◆ TASK INSTRUCTIONS
Write out, please, each line from the one containing "Sabai Grass - Wall" to the final line of the data, both included, exactly and without pictures.

----- DATA

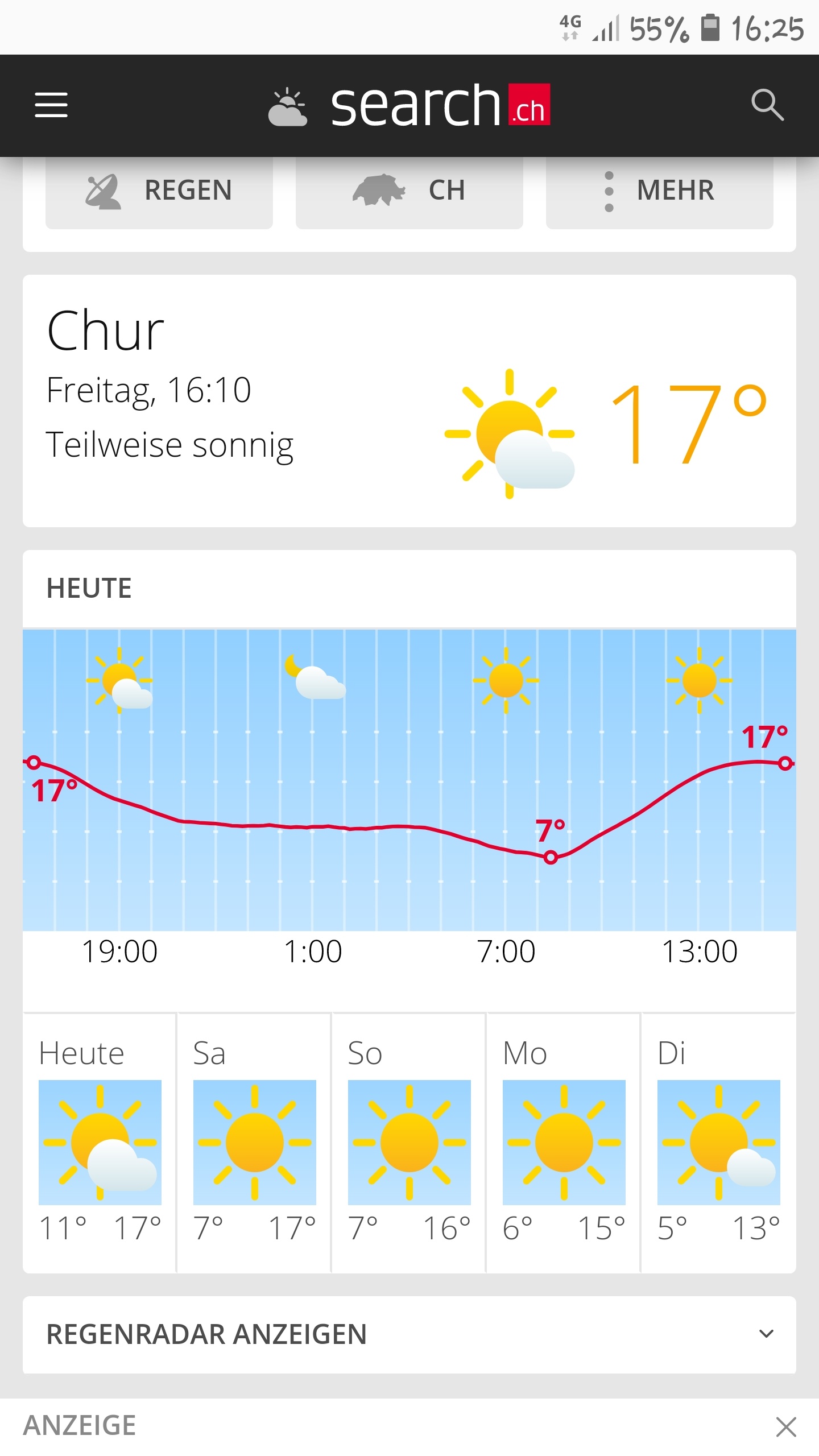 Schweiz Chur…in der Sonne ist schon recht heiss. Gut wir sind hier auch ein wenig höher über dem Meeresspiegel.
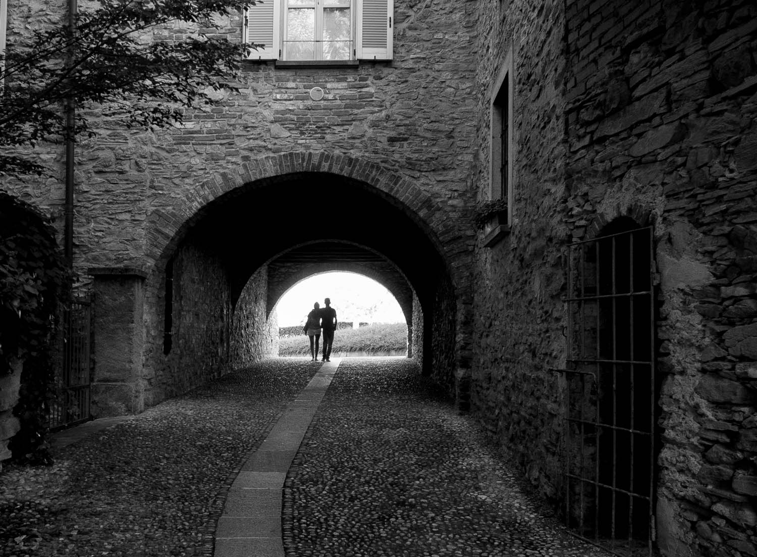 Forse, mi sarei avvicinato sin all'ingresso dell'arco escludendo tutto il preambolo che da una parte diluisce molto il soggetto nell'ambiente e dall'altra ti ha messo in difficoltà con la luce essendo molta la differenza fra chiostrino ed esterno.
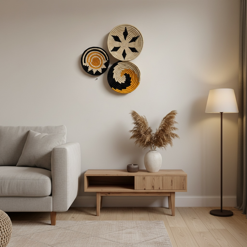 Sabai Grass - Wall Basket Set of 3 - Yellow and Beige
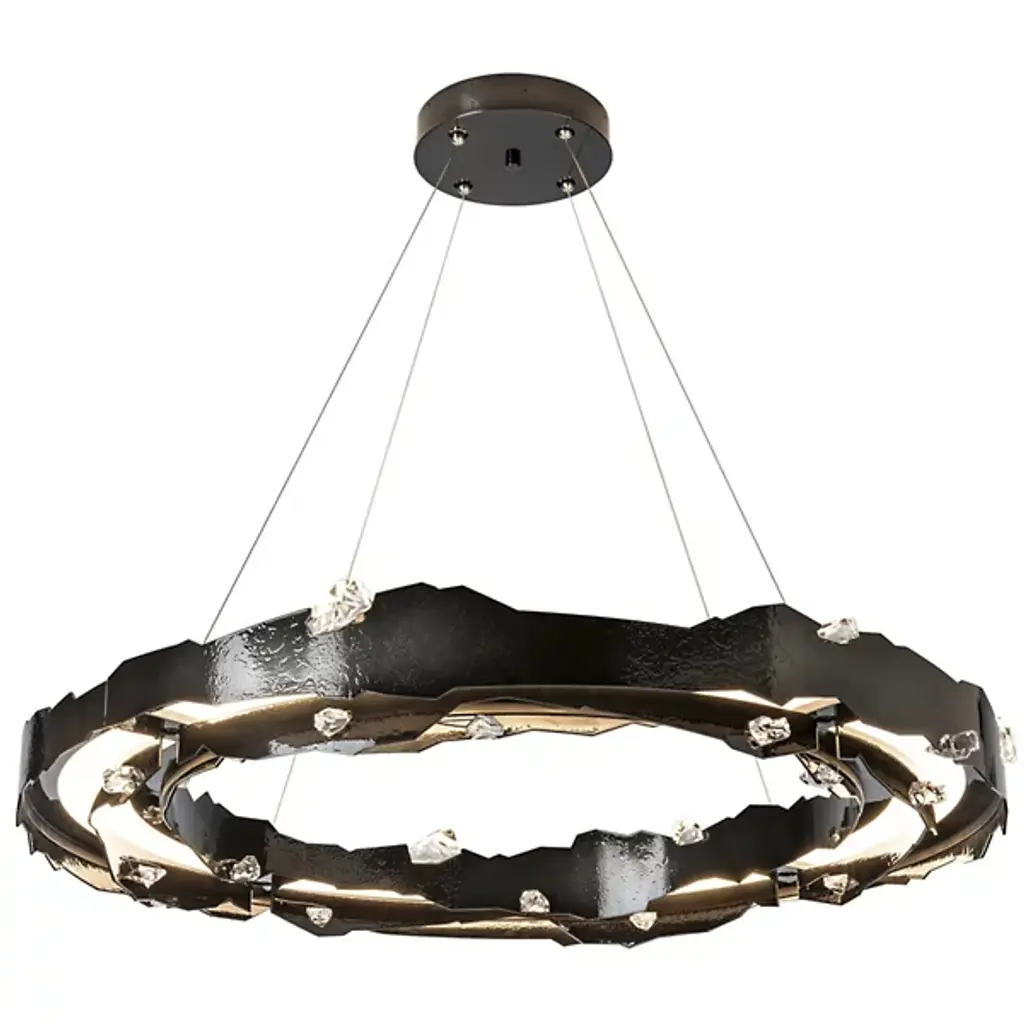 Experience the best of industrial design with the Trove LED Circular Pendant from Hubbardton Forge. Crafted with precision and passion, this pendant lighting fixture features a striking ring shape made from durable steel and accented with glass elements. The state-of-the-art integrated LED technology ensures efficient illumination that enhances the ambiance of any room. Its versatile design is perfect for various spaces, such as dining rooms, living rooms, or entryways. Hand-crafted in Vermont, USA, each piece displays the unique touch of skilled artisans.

----------

◆ RESULT OF THIS EXERCISE
 Sabai Grass - Wall Basket Set of 3 - Yellow and Beige
 Experience the best of industrial design with the Trove LED Circular Pendant from Hubbardton Forge. Crafted with precision and passion, this pendant lighting fixture features a striking ring shape made from durable steel and accented with glass elements. The state-of-the-art integrated LED technology ensures efficient illumination that enhances the ambiance of any room. Its versatile design is perfect for various spaces, such as dining rooms, living rooms, or entryways. Hand-crafted in Vermont, USA, each piece displays the unique touch of skilled artisans.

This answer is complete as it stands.